» Problem to solve
Please restate the data below word for word, omitting all images.

» Material for this task
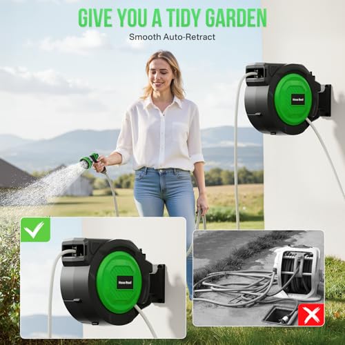 • Holds up to 100 feet of hose, keeping your outdoor space tidy and organized
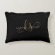 Coussin d'Accent Monogrammé moderne Black Gold Feminine Script. Personnalisez facilement ce coussin d'accent élégant moderne avec votre monogramme et votre nom personnalisés.
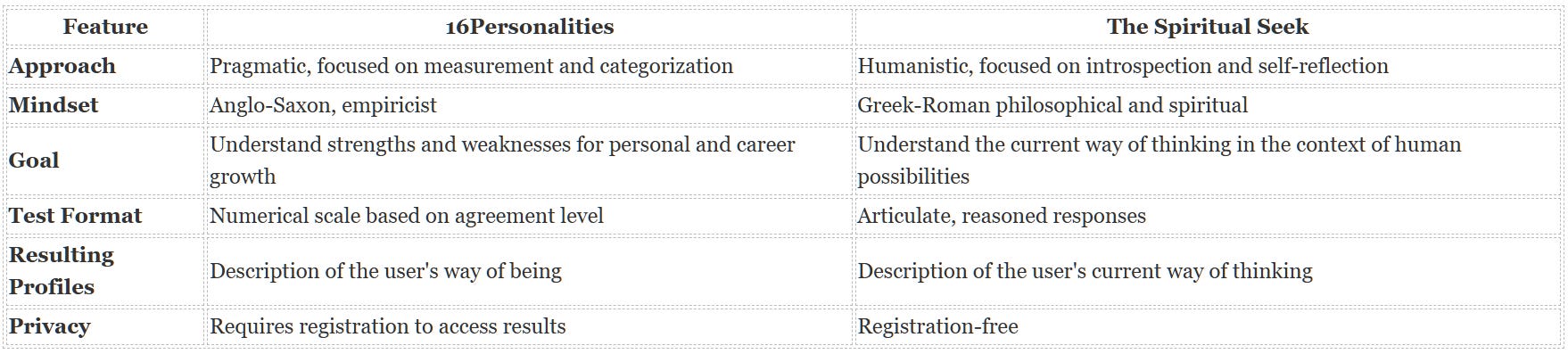 In conclusion, both 16Personalities and The Spiritual Seek offer valuable tools for self-discovery. While 16Personalities provides a pragmatic and descriptive analysis of character from a social and work perspective, The Spiritual Seek focuses on introspection and individual thinking. Both platforms provide complementary approaches to understanding the self, and they can be used in parallel to gain a comprehensive picture of one’s character. The Spiritual Seek recommends that if you take the 16Personalities test first, you will be able to appreciate the unique aspects of the tests provided by The Spiritual Seek more fully, or vice-versa.
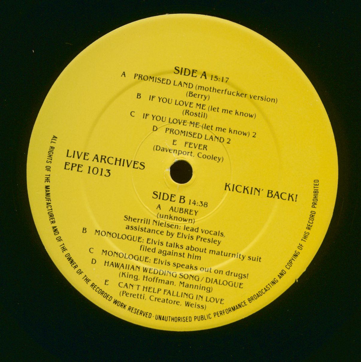 Elvis Presley Kickin' Back ! The 1974 Hilton Dress Rehearsal (LP)
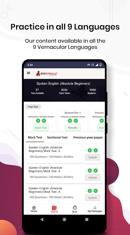La nostra app di preparazione all'esame di inglese parlato (principianti assoluti) aiuta gli studenti a costruire un vocabolario forte insieme alle capacità di conversazione in inglese. Migliora anche gli studenti a parlare inglese senza errori grammaticali di base. L'app per test di simulazione online di EduGorilla's Spoken English (Absolute Beginners) garantisce un vocabolario di base e un po 'avanzato, abilità di comunicazione di base e formazione di frasi senza errori. Pertanto, i nostri falsi test in linea di inglese parlato (principianti assoluti) si dimostrano utili con i test di simulazione online più apprezzati.
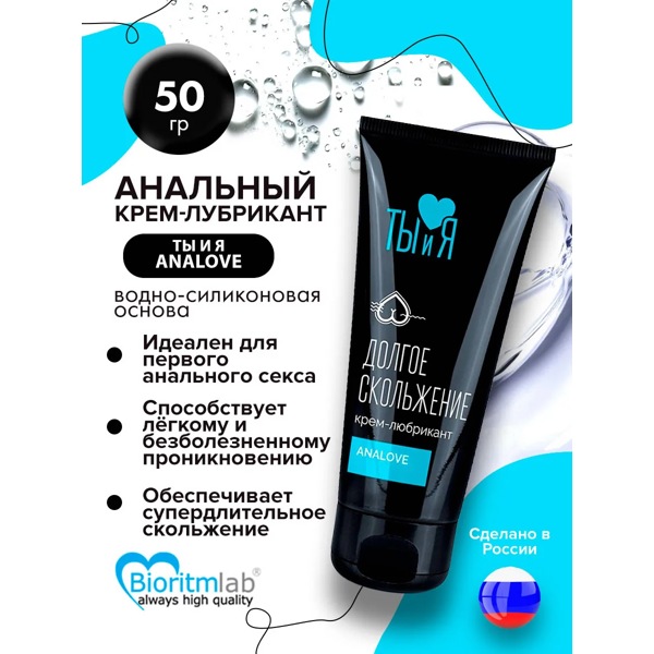 Компания «Биоритм» позаботилась о том, чтобы столь интимный процесс, как анальный секс, проходил безболезненно и максимально приятно, приготовив специальный анальную смазку, которая обладает обезболивающим эффектом. Это лубрикант люкс-класса из серии «Я и ты». Смазка представляет собой прозрачный гель в стильном черном флаконе. Благодаря этому лубриканту Вы забудете о болевых ощущениях во время анального секса и узнаете, что такое настоящее длительное скольжение и безмерное удовольствие. Гель сделан на силиконовой основе, поэтому не подходит для интимных игрушек из силикона.
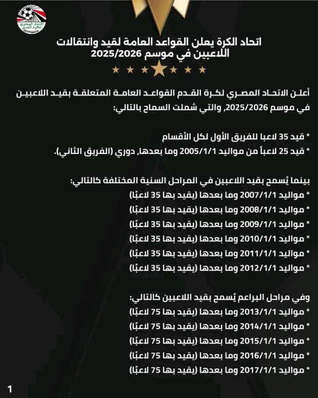 وطبقًا للمنشور فإنه لن يتم اللاعب المغربي تحت السن، إلا أن مصدر داخل اتحاد الكرة أكد أن القرار تم تعديله بوضع فريق 2005 ضمن المراحل السنية وقيد الأجانب ضمنه.
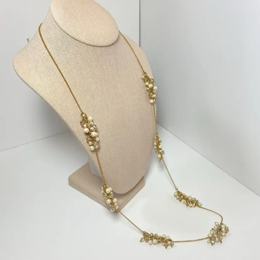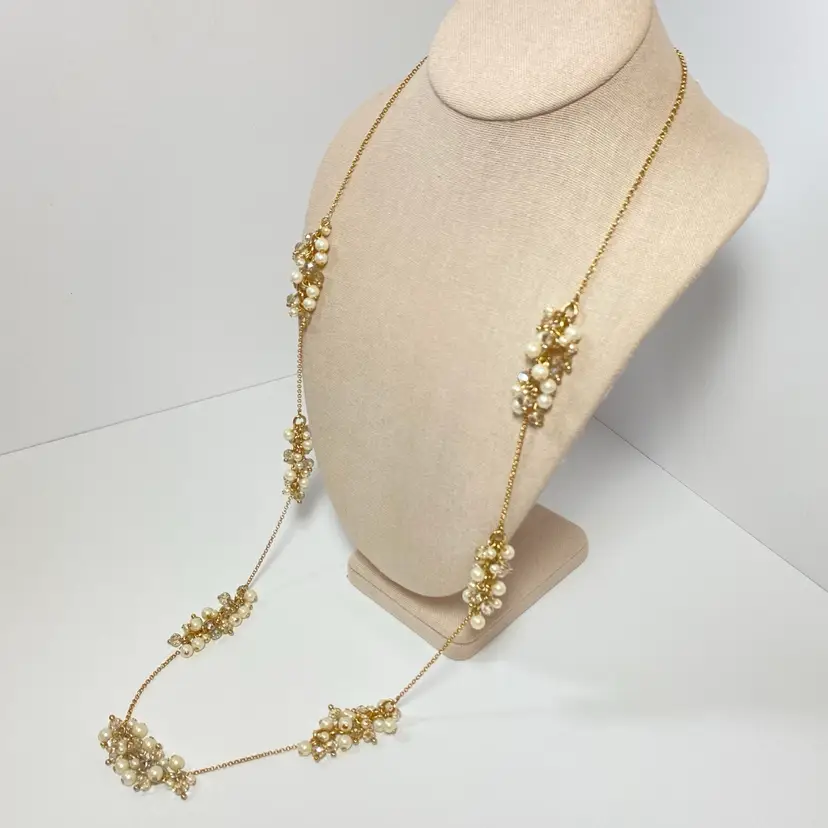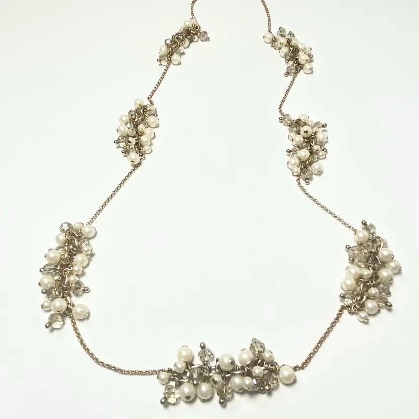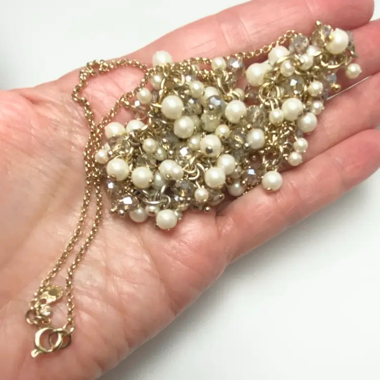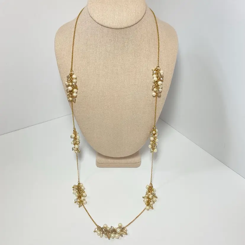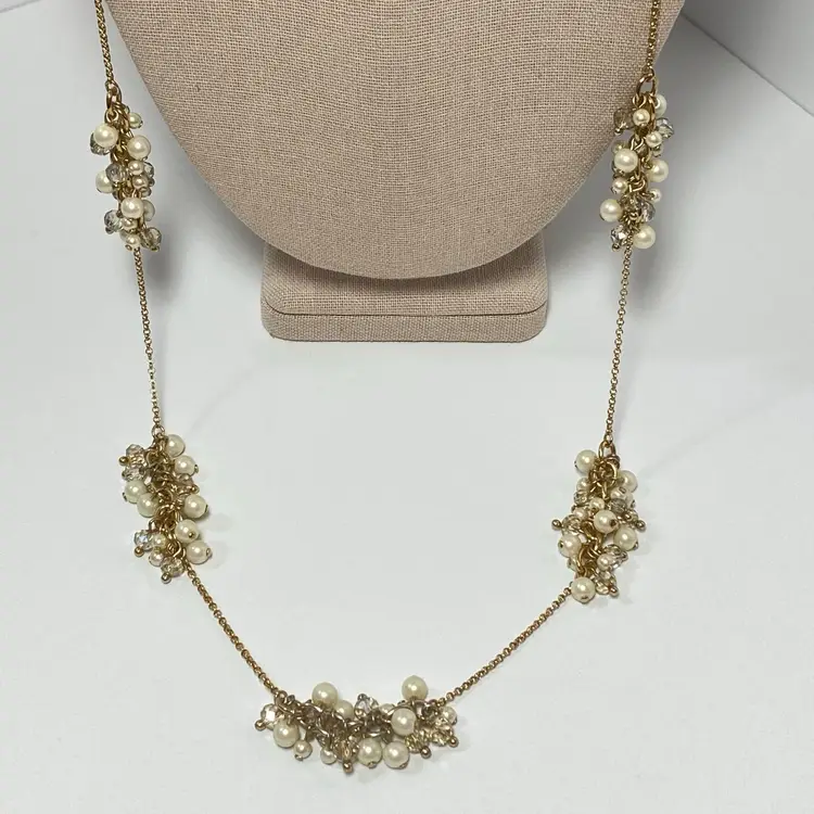 Ann Taylor Vintage Cluster Crystal Faux Pearl Beaded Station Gold Tone Necklace. Very good condition. Please see pictures for details. SMOKE FREE/PET FREE HOME Approximate measurements: Length- 36"
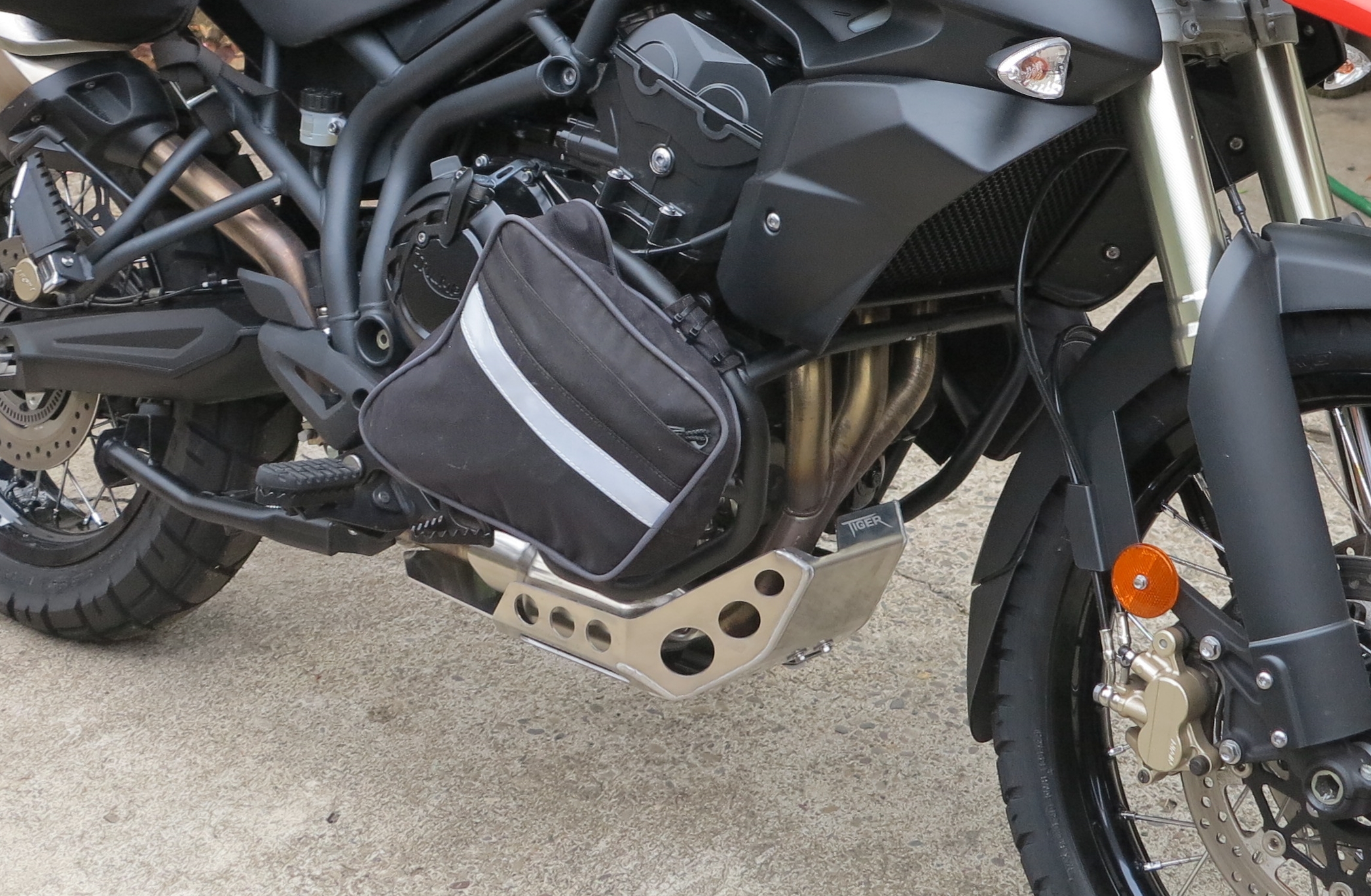 I got two bags that I attached to the engine guards. These bags are designed for a another bike, but they somewhat work in the Triumph. Not the best fit, I needed to make some adjustments, use zip-ties to attach them to the bars. They are handy to carry spare tubes and tools. But they are not water proof. That’s what you get for $60.
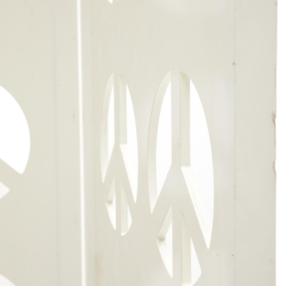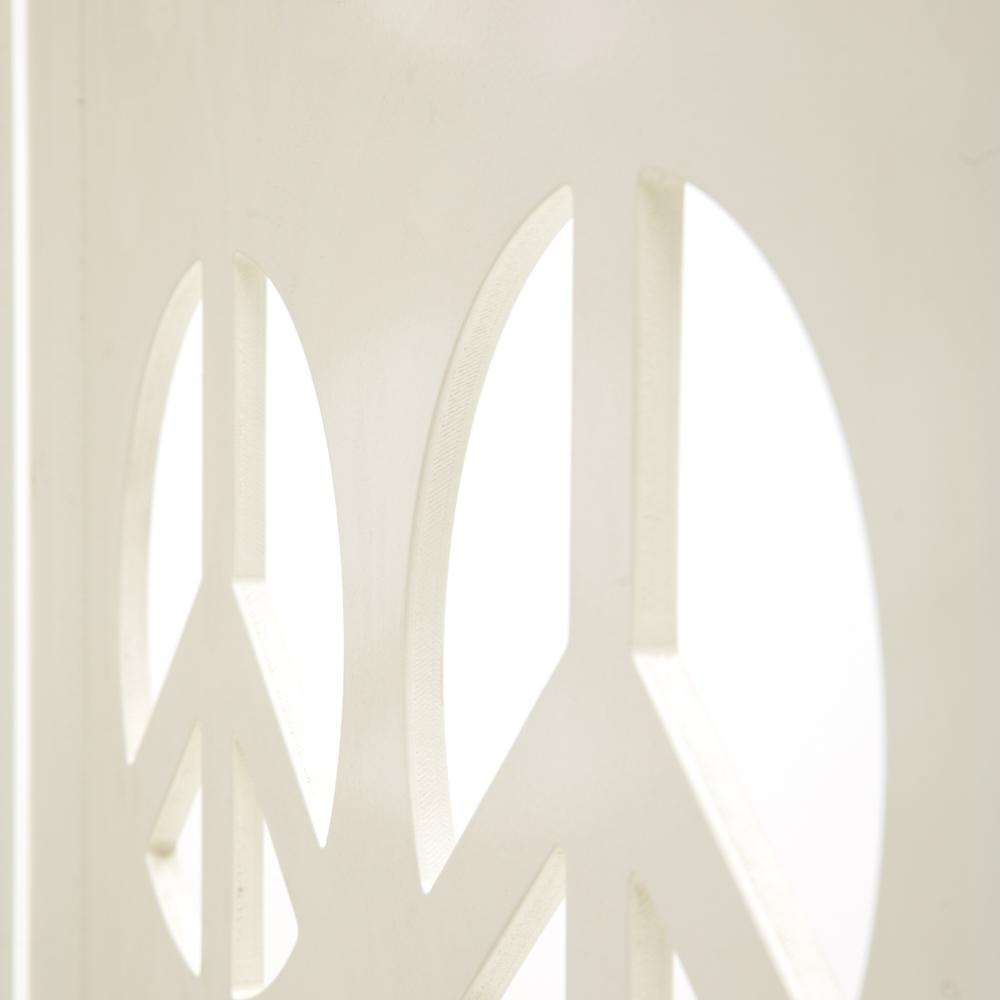 Details: White Peace sign screen/room divider Dimensions: 76" H x 48" W x 1"D Quantity: 1

» Completed exercise
 • Holds up to 100 feet of hose, keeping your outdoor space tidy and organized
 Coussin d'Accent Monogrammé moderne Black Gold Feminine Script. Personnalisez facilement ce coussin d'accent élégant moderne avec votre monogramme et votre nom personnalisés.
 In conclusion, both 16Personalities and The Spiritual Seek offer valuable tools for self-discovery. While 16Personalities provides a pragmatic and descriptive analysis of character from a social and work perspective, The Spiritual Seek focuses on introspection and individual thinking. Both platforms provide complementary approaches to understanding the self, and they can be used in parallel to gain a comprehensive picture of one’s character. The Spiritual Seek recommends that if you take the 16Personalities test first, you will be able to appreciate the unique aspects of the tests provided by The Spiritual Seek more fully, or vice-versa.
 Elvis Presley Kickin' Back ! The 1974 Hilton Dress Rehearsal (LP)
La nostra app di preparazione all'esame di inglese parlato (principianti assoluti) aiuta gli studenti a costruire un vocabolario forte insieme alle capacità di conversazione in inglese. Migliora anche gli studenti a parlare inglese senza errori grammaticali di base. L'app per test di simulazione online di EduGorilla's Spoken English (Absolute Beginners) garantisce un vocabolario di base e un po 'avanzato, abilità di comunicazione di base e formazione di frasi senza errori. Pertanto, i nostri falsi test in linea di inglese parlato (principianti assoluti) si dimostrano utili con i test di simulazione online più apprezzati.
 Компания «Биоритм» позаботилась о том, чтобы столь интимный процесс, как анальный секс, проходил безболезненно и максимально приятно, приготовив специальный анальную смазку, которая обладает обезболивающим эффектом. Это лубрикант люкс-класса из серии «Я и ты». Смазка представляет собой прозрачный гель в стильном черном флаконе. Благодаря этому лубриканту Вы забудете о болевых ощущениях во время анального секса и узнаете, что такое настоящее длительное скольжение и безмерное удовольствие. Гель сделан на силиконовой основе, поэтому не подходит для интимных игрушек из силикона.
 وطبقًا للمنشور فإنه لن يتم اللاعب المغربي تحت السن، إلا أن مصدر داخل اتحاد الكرة أكد أن القرار تم تعديله بوضع فريق 2005 ضمن المراحل السنية وقيد الأجانب ضمنه.
 Ann Taylor Vintage Cluster Crystal Faux Pearl Beaded Station Gold Tone Necklace. Very good condition. Please see pictures for details. SMOKE FREE/PET FREE HOME Approximate measurements: Length- 36"
 I got two bags that I attached to the engine guards. These bags are designed for a another bike, but they somewhat work in the Triumph. Not the best fit, I needed to make some adjustments, use zip-ties to attach them to the bars. They are handy to carry spare tubes and tools. But they are not water proof. That’s what you get for $60.
 Details: White Peace sign screen/room divider Dimensions: 76" H x 48" W x 1"D Quantity: 1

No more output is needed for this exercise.